Corporate number crunchers are using these and other phenomenon to take the 
razor to jobs. Around the world workers are being laid off in their 
millions, thrown on the scrapheap in the name of rationalisation, 
downsizing, trending down and any number of other euphemisms for the sack.

The odour of desperation is pungent.

The increasing scarcity of water around the globe has seen a corporate 
strategy for turning this basic means of existence into a commodity to be 
sold for profit at the highest price.

There are plans now in Australia to "mine" and "bank" water, for it to be 
privately owned and sold.

Increasingly capitalism is denying more and more people the very basic 
necessities of life, and more and more people are joining the many 
movements against its policies and demanding their needs be put before 
profits.

Above this chaos, anarchy and slaughter, the banner of "freedom and 
democracy" has been hoisted. Iraq, bombed into the ground by the US, has 
been "liberated".

The USA is the "land of the free" with more than two million people in its 
jails, the biggest prison population in the world.

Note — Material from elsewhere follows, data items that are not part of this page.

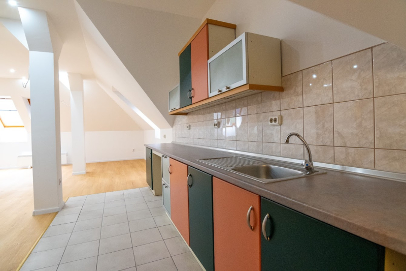 Eladó belvárosi tetőtéri lakás 2. emelet 84 m2 nappali-étkező-konyha 2 háló zárt lépcsőház riasztó, gázos, klimatizált
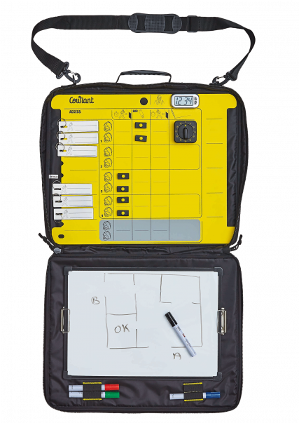チェックポイントシステムは、管理責任者が各隊員のSCBAタグをコントロールボードに集めながら、作業時間や自律性をチェックし、事故現場で働くすべての消防士に番号を付けることができるシステムです。
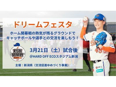オイシックス新潟アルビレックスベースボールクラブ(以下、オイシックス)は、3月21日(土)のホーム開幕戦で新潟県主催の大人気イベント「ドリームフェスタ」を開催することをお知らせいたします。 オ...
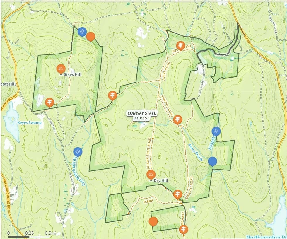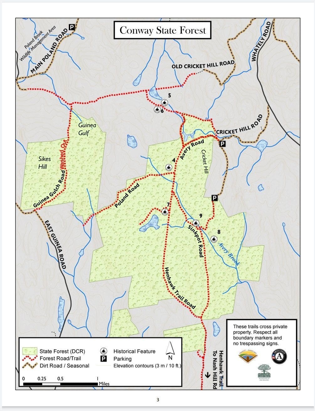 Flash Hike Saturday at Conway State Forest. Paulette showed us the trails here, grab the guide from www.townofconway.com to visit the landmarks. Trails are not blazed, these are the old roads where the town center once stood. Also, no cell service so download and print your maps! Easy hiking on rolling hills in a beautiful forest with some old growth trees. Conway State Forest is a woodland DCR State Forest.
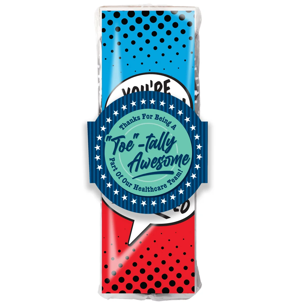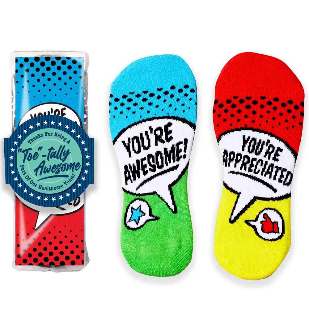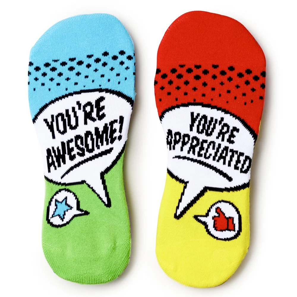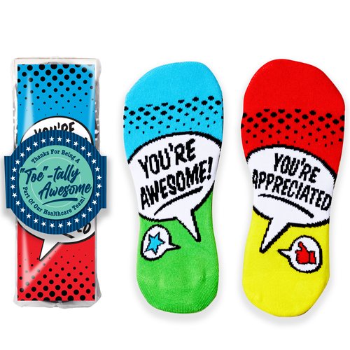 • Socks feature our exclusive You're Awesome! You're Appreciated design that can be read when recipients put up their feet to relax
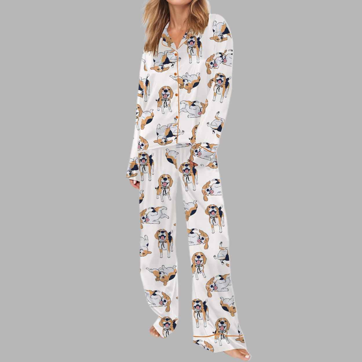This elegant, long-sleeved pajama set features a smooth, silky white fabric with a delightful, repeating pattern of adorable Beagle dogs in various playful poses—sitting sweetly, lying on their backs for belly rubs, and bounding about. The tricolor Beagles are rendered in realistic shades of brown, white, and black, some wearing small, charming bow ties. The set is trimmed with contrasting brown piping, adding a polished, classic finish. This garment transcends standard sleepwear by celebrating the Beagle’s famous cheerful, curious, and affectionate personality. It embodies the unconditional love and cozy companionship that dogs provide, transforming your nightly rest into a luxurious embrace while offering the light, fluid comfort of a silky fabric.
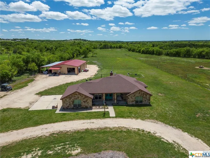 Welcome to Troy Texas Living! Looking for a quiet country home with plenty of room for horses? This rustic 4/2 is nestled on 22+ Ag exempt acres in Troy school district!!! The main house includes stained concrete floors, granite countertops, wood burning fireplace and an 8x10 walk in gun safe! Approximately half the property is native pasture and half is wooded with a creek and ATV trails. Theres plenty of room for target shooting with a 10 foot tall berm for a backstop and a stock tank full of channel catfish eager to be caught. Behind the beautiful home is a 40x60 insulated shop with 3 bay doors and a 900sqft fully functioning guest house. Attached to the shop is an 18x60 lean-to to store your boat, ATVs and tractor. Properties like this are hard to come by! 15 minutes to Temple, 15 minutes to Lake Belton, 20 minutes to Waco, 1 hour to Austin. This is the one you have been dreaming of!
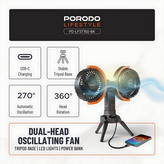 پنکه شارژی Porodo Lifestyle دو سر با چرخش و چراغ LED و پاور بانک
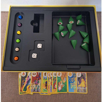 Hiánytalan, új állapotú,nyomtatott magyar nyelvű szabállyal.6 éves kortól,2-6 játékos részére.A játékosok útnak indulnak Meseország erdejében,hogy megkeressék azokat a tárgyakat,amelyekre a király vágyik,majd a kastélyba sietnek,hogy tudassák vele hol találhatóak.Aki először talál meg három tárgyat az győz.

These contradictions arise out of a system based on exploitation and 
oppression. Capitalism has no solutions for the people. Death and 
destruction, as we are now witnessing in Iraq and Afghanistan, are tools of 
trade. So too are the fascistic laws.

As the public representative of the most extreme gangster elements 
imperialism, Bush in cowboy guise swaggers on the stage as a heroic figure 
fighting a lone fight for freedom.

He is the individual battling against all that fetters "man's" freedom, 
using the considerable power at his disposal. This is the media line and 
the capitalist illusion — one man alone civilising the world and salvaging 
it from terror and anarchy.

Bush's "liberty" is lies and propaganda, trying to hide the real causes of 
inequity and social upheaval. And Bush the individual represents corrupt, 
criminal and depraved capitalist interests.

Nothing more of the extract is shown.